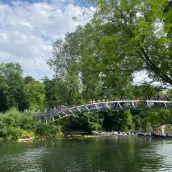The island is accessible via footbridges and offers scenic views of the river and surrounding areas.
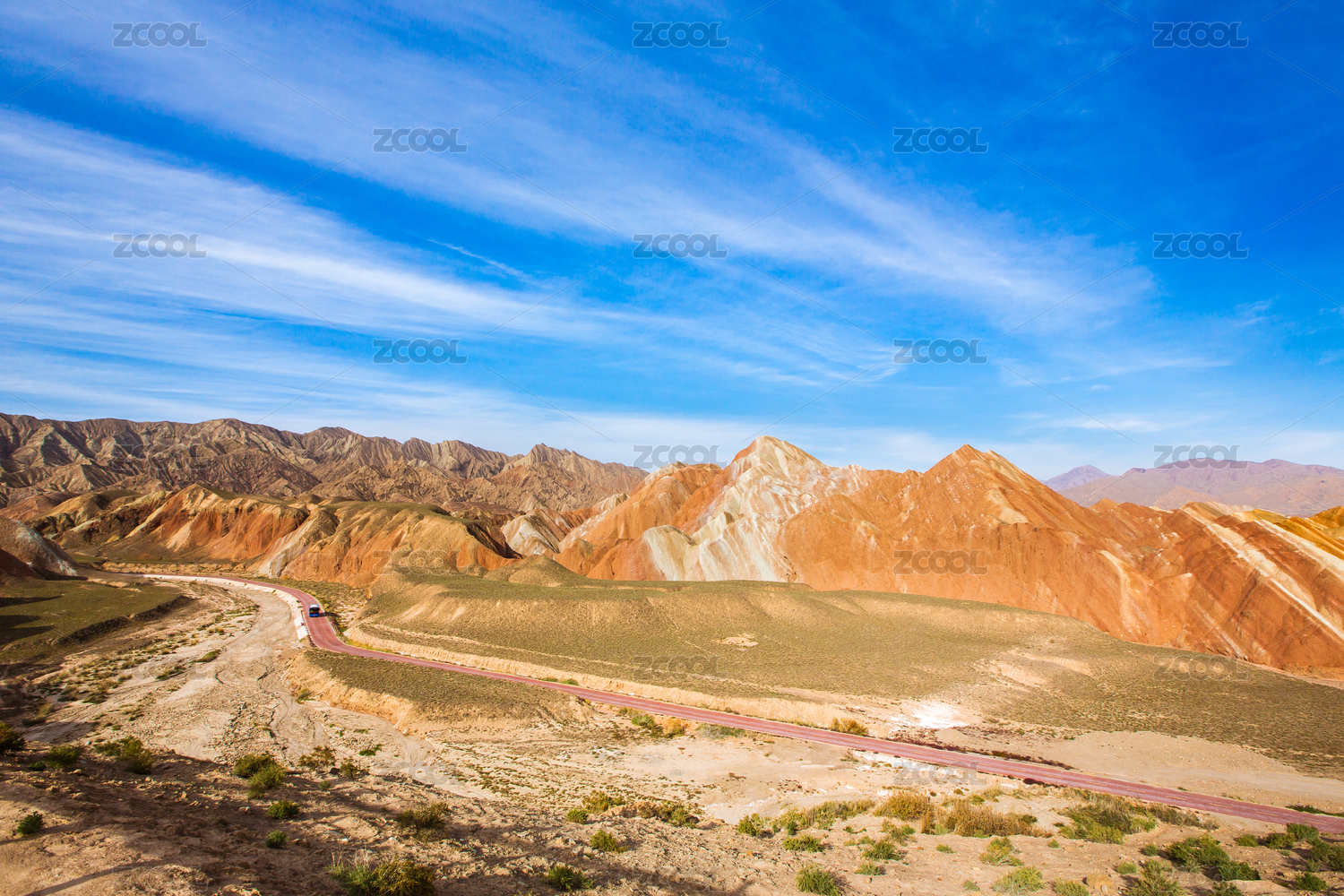 中国甘肃张掖七彩丹霞地貌及山坡空地
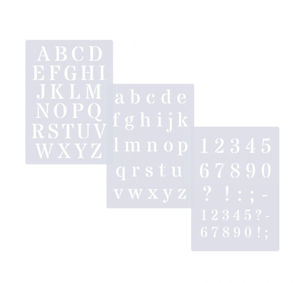 3er Schablonen Set Nr.5 - Höhe ca. 2,5cm Druckbuchstaben und Zahlen
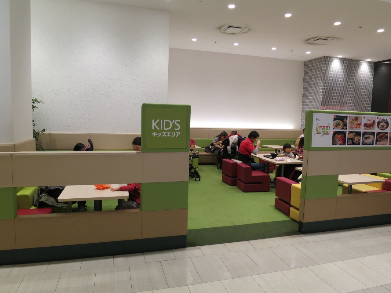 フードコートの隅には、キッズコーナーがあり、低いテーブルといすが用意されています。ここで食べましたが、小さな子どもでも足が着き、まわりにも小さなお子さんが多くて、娘はよく食べたような気がします。- 旅行時期
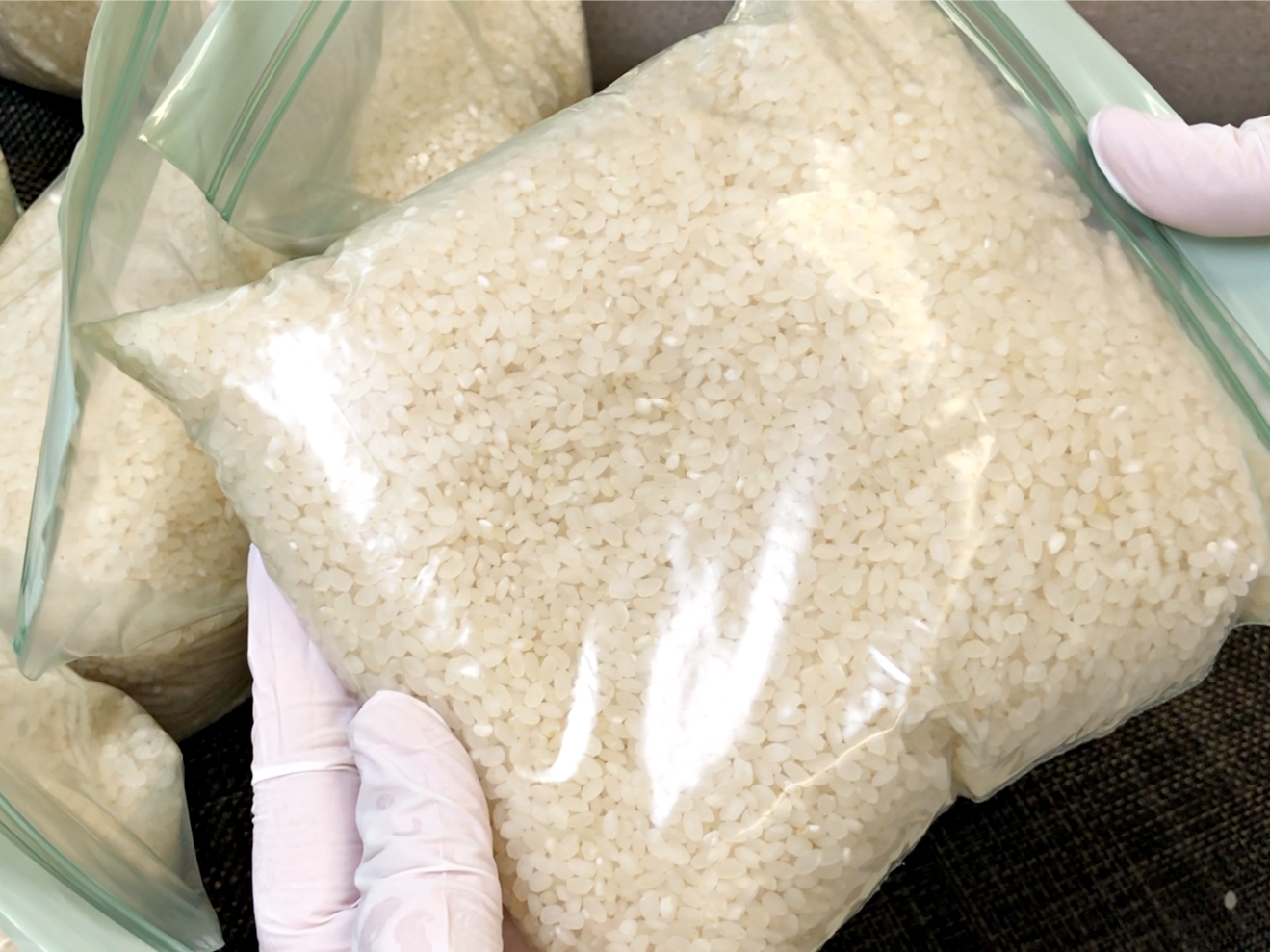 작은 사이즈 지퍼백에 쌀을 소분해서 담고요.
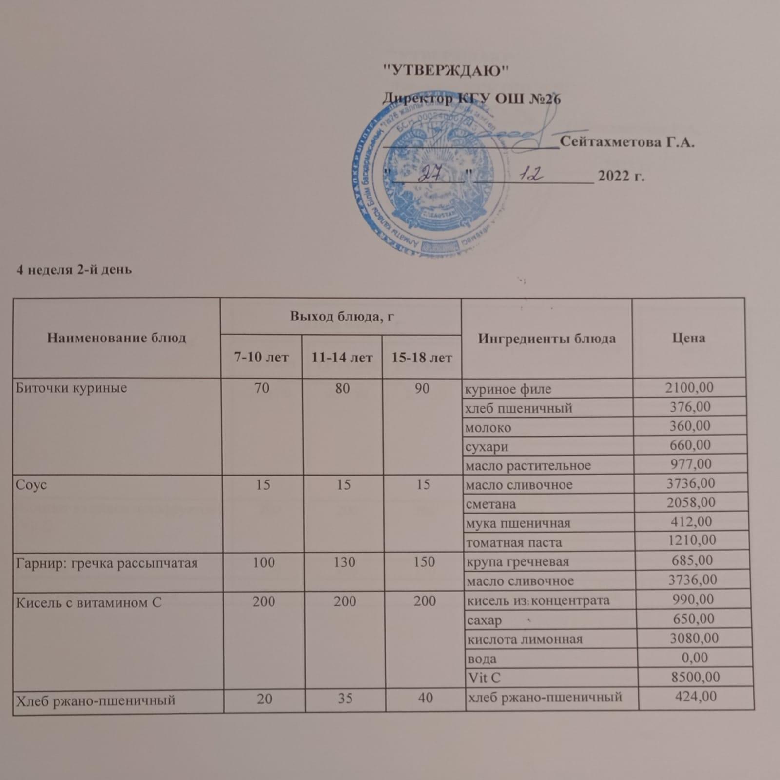 Төрт апталық ас мәзірінің IV-аптасының 2-күні (27.12.2022)
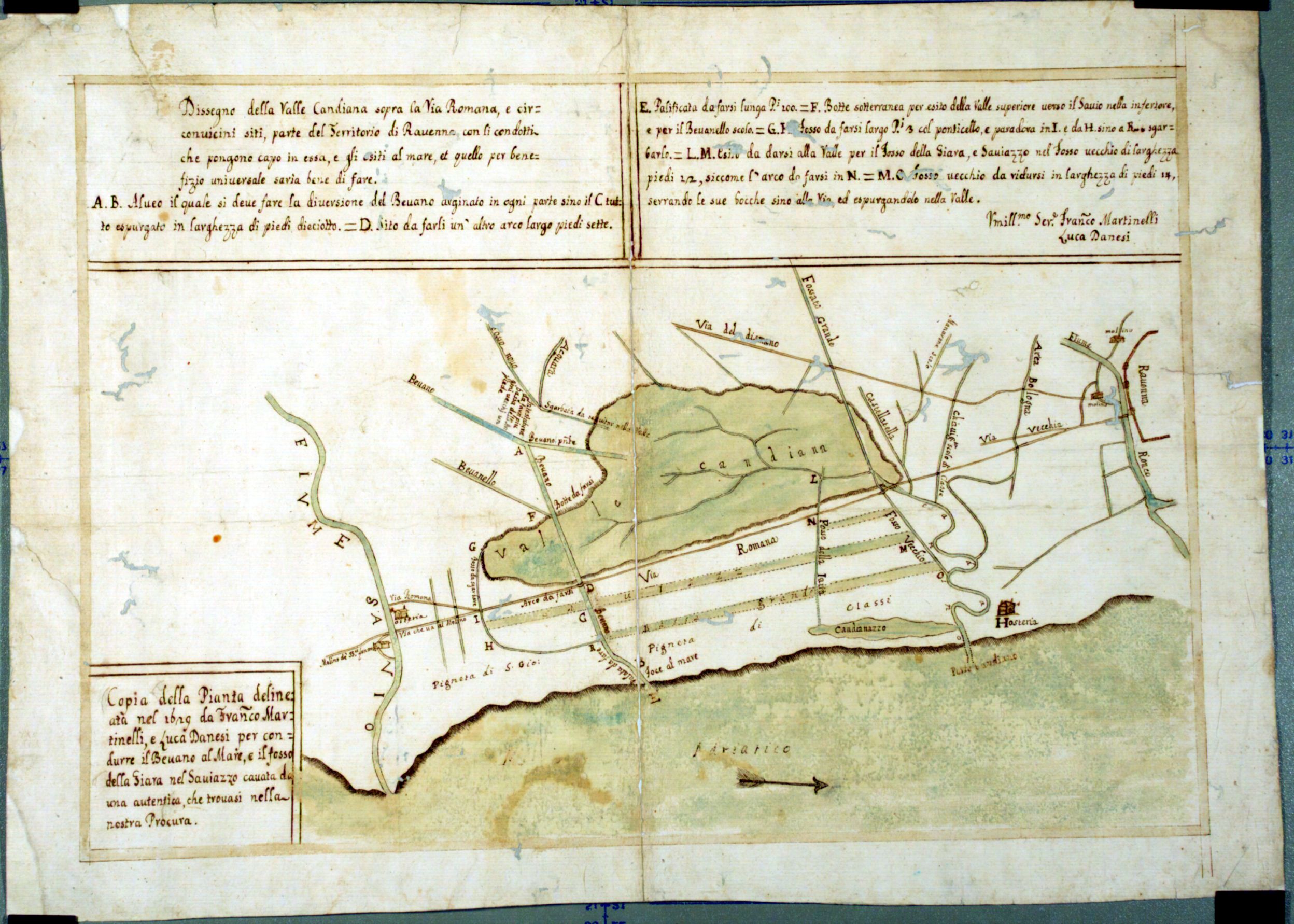 Valle Candiana. Copia della pianta delineata nel 1629 da Francesco Martinelli e da Luca Danesi per condurre il Bevano al mare e il Fosso della Giara nel Saviazzo cavata da una autentica che trovasi nella nostra Procura (di Classe)
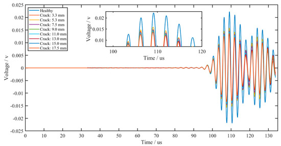 Figure 19 shows the signal waveforms of the UGW collected at different crack depths in the time range of 140 μs for the path E2–R2 in the experiment. The transverse crack depths of the rail bottom were 3.3 mm, 5.3 mm, 7.5 mm, 9.0 mm, 11.0 mm, 13.0 mm, 15.0 mm and 17.5 mm. It can be seen from Figure 18 that the monitoring signal waveforms caused by cracks at different depths of the rail bottom are roughly similar, and the signal amplitude only has a large attenuation when the crack first appears; then, with an increase in the crack depth, the signal amplitude changes very little. According to the elastic wave theory, due to the existence of a transverse crack defect on the rail bottom, the UGW will not only interact with the transverse crack on the rail but also reflect with the edge of the rail bottom. The corresponding wave packet will cause the amplitude change and the overlap of the final time domain signal. Therefore, the crack signal may be submerged, and it will become difficult to distinguish the depth of the transverse crack at the rail bottom using only the time domain waveform signal of the crack detection signal; thus, more characteristic information needs to be extracted.
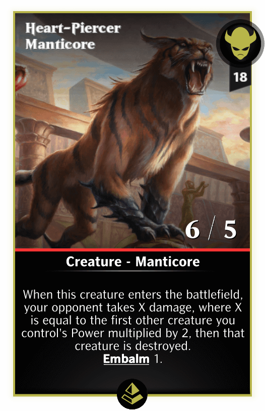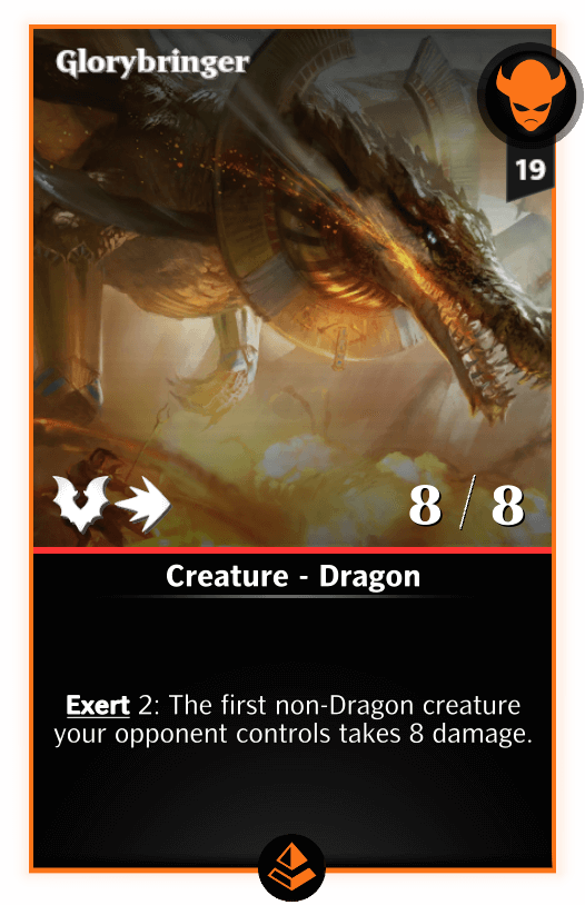 Exert 2: The first non-Dragon creature your opponent controls takes 8 damage.
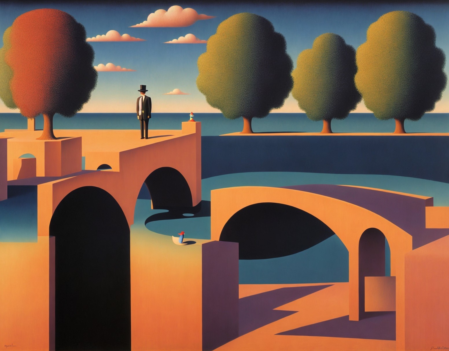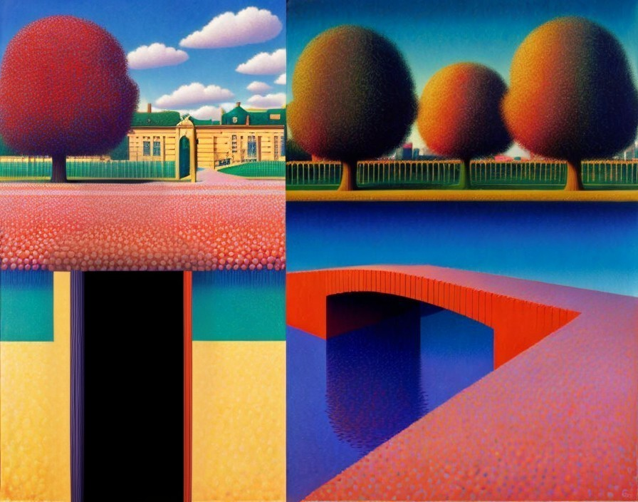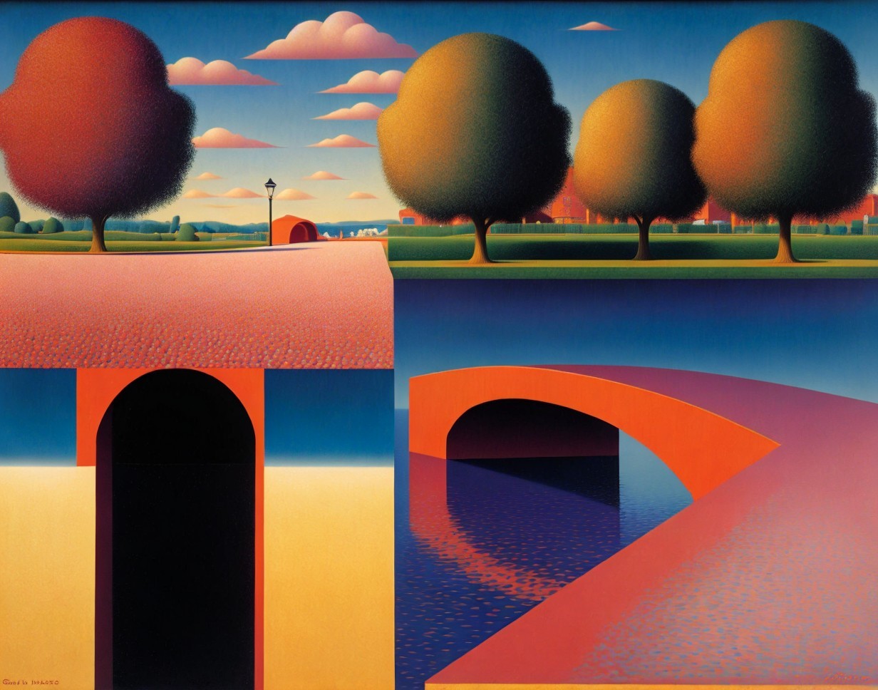 Surreal Landscape with Abstract Trees and Twilight Sky
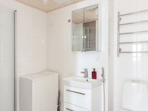- Pesutilojen varusteet: Suihku, wc-istuin, suihkuseinä, pesukoneliitäntä, peilikaappi, pesuallas, allaskaappi, bidee-suihku, lämmitettävä pyyhekuivain ja lattialämmitys.
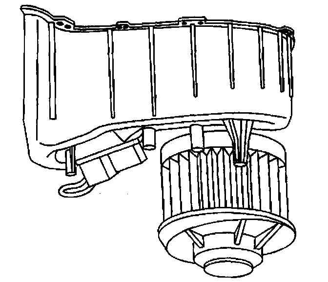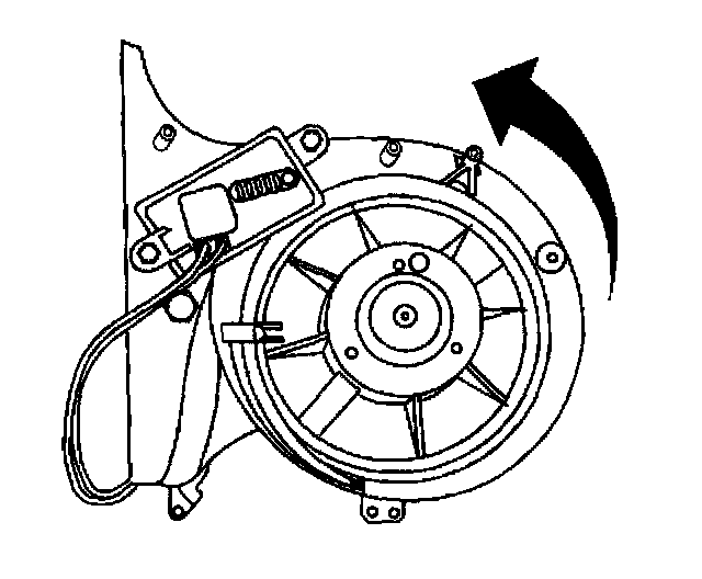 2. Install the blower motor to the heater/ventilation module. Turn the blower assembly clockwise until the retaining tab locks into place.

* * *

WHAT IS REQUIRED >> Print exactly the lines from the first line of the records above through the line containing "Valle Candiana. Copia", both included, and leave the pictures out.

EXERCISE RESPONSE >>
The island is accessible via footbridges and offers scenic views of the river and surrounding areas.
 中国甘肃张掖七彩丹霞地貌及山坡空地
 3er Schablonen Set Nr.5 - Höhe ca. 2,5cm Druckbuchstaben und Zahlen
 フードコートの隅には、キッズコーナーがあり、低いテーブルといすが用意されています。ここで食べましたが、小さな子どもでも足が着き、まわりにも小さなお子さんが多くて、娘はよく食べたような気がします。- 旅行時期
 작은 사이즈 지퍼백에 쌀을 소분해서 담고요.
 Төрт апталық ас мәзірінің IV-аптасының 2-күні (27.12.2022)
 Valle Candiana. Copia della pianta delineata nel 1629 da Francesco Martinelli e da Luca Danesi per condurre il Bevano al mare e il Fosso della Giara nel Saviazzo cavata da una autentica che trovasi nella nostra Procura (di Classe)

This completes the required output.